On the evening of June 27, 1996, I strolled a short distance away from the convalescent facility in Nashville's Green Hills where my wife and I had come to visit her grandmother. The old Davis-Kidd bookstore was hosting one of my favorite writers, who'd recently published the second of his Frank Bascombe novels. John Banville astutely hears Ford's Bascombe as a "relaxed existentialist" who's read his Emerson and kept his sense of humor and style through more than his share of adversity.
His authorial voice from the start has been that of a relaxed existentialist. He recognises the essentially contingent and slippery nature of our being here, and the necessity to manoeuvre our way through the world as best we can. Emerson again, from his great essay “Experience”: “We live amid surfaces, and the true art of life is to skate well on them.” GuardianThat's the voice I heard at Davis-Kidd that night. Ford read, we spoke, I told him how much I admired his work and how inspired I'd been by a particular passage in The Sportswriter, his first Bascombe book.
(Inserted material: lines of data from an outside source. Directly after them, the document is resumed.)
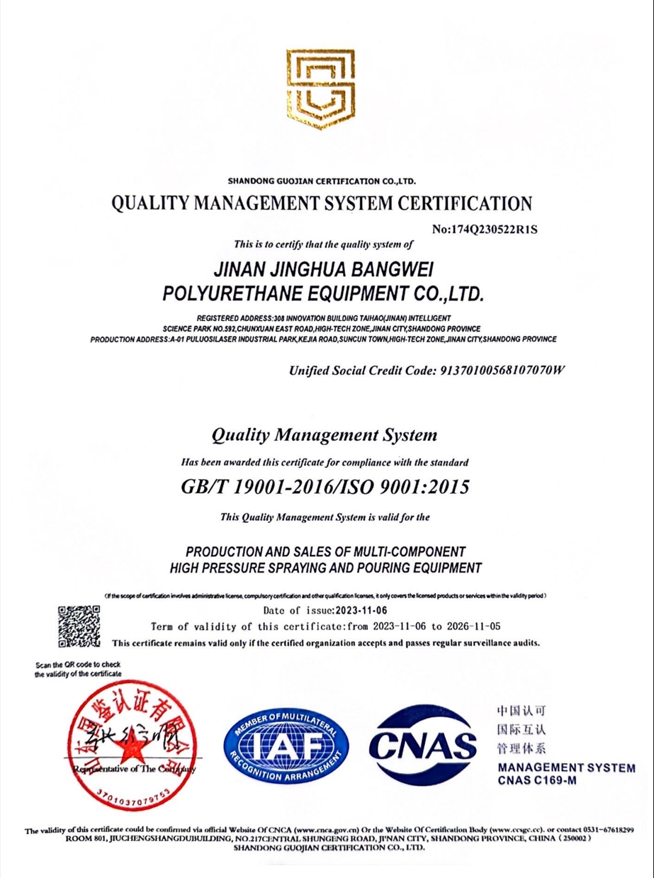 Established in 2008, JINAN JHBW PU EQUIPMENT CO., Ltd. is a professional manufacturer of polyurethane and polyurea equipment, integrating R D, production, sales, and after-sales services. The company specializes in developing and producing polyurethane spraying and injection equipment, as well as polyurea spraying systems. Its product range includes pneumatic vertical and horizontal units, hydraulic equipment, and other specialized machinery. These products are widely used across various industries such as construction, automotive, environmental protection, chemical industry, textiles, national defense, aerospace, biotechnology, and packaging. With strong technical capabilities, JHBW has grown into a competitive provider serving multiple countries and regions worldwide.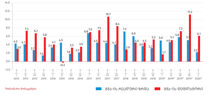 2020 წლის I კვარტალში მთლიანი შიდა პროდუქტის მოცულობა, წინა წლის ანალოგიურ მაჩვენებელთან შედარებით, 2.2%-ით გაიზარდა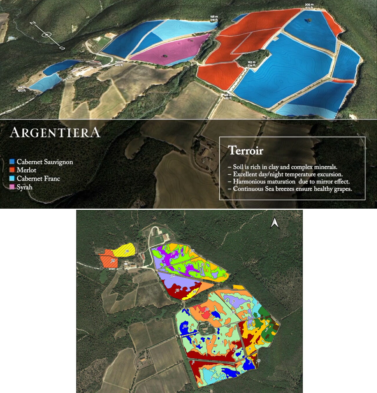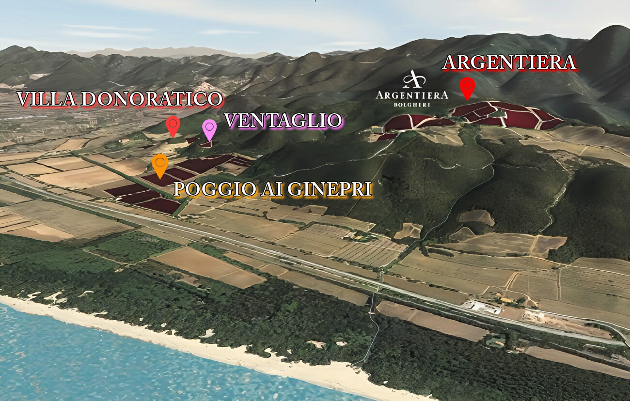 アルジェンティエラはボルゲリ地区の最南端に位置し、主に丘陵地と、海に最も近い畑を所有しています。一般的にボルゲリは南北よりも東西での差が大きく、アルジェンティエラは標高の違いによる異なるテロワールを有しています。また、森に囲まれ、ブドウ畑以外にも豊かな自然が多いため、有機栽培においても好条件が揃っています。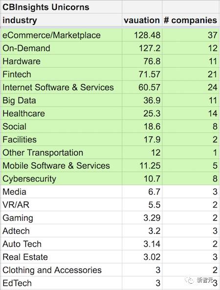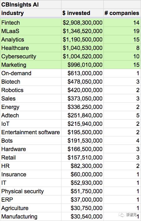 根据 CB Insights 有关独角兽创业公司和 AI 创业公司的数据,在金融(Fintech)和医疗保健领域,独角兽公司和创业公司的数量都有很多。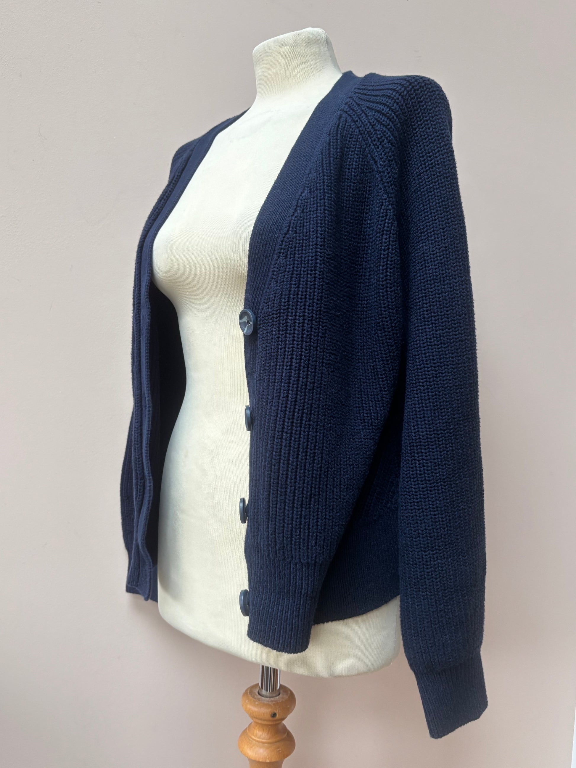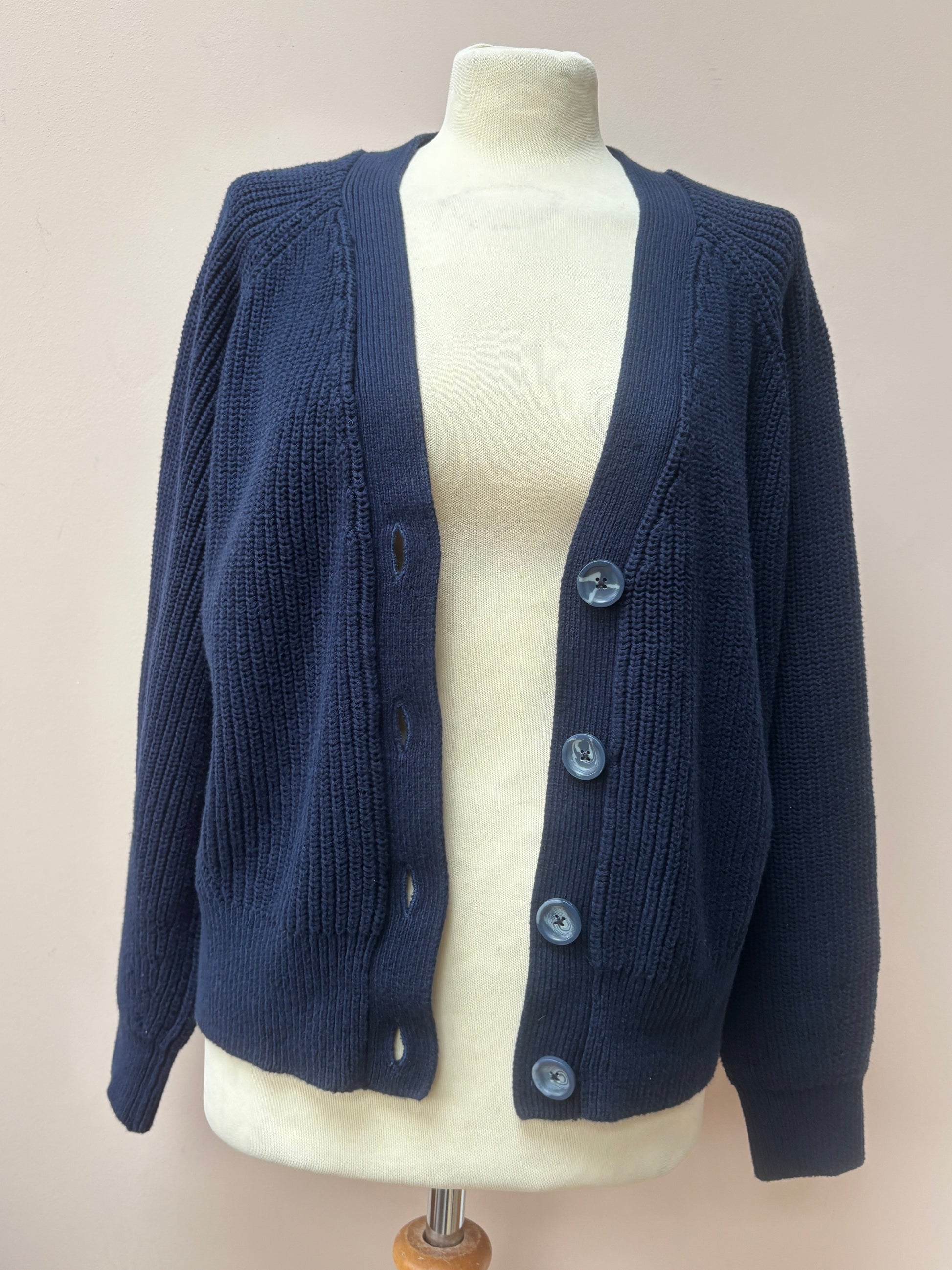Size large but I think best for size 12 or slightly oversized on a size 10. Thick heavy cotton, soft, lovely quality

I was then, I thought, permanently done with academia. The passage in question:
In my view all teachers should be required to stop teaching at age thirty-two and not allowed to resume until they’re sixty-five, so that they can live their lives, not teach them away—live lives full of ambiguity and transience and regret and wonder, be asked to explain nothing in public until very near the end when they can’t do anything else. Explaining is where we all get into trouble. . .And that's how I acquired this now-ironic inscription:
The irony is that about a month later I decided to crank up the PhD machine one more time. I finally got that degree, thus paving the way for my return to the classroom. I've been there ever since, trying never to forget the value of "ambiguity and transience and regret and wonder," or the trouble awaiting all who explain too much in public.
Eighteen and a half years later, I'm happy to report, the life and the career have been "real" after all. More real, anyway, than I thought possible back in '96.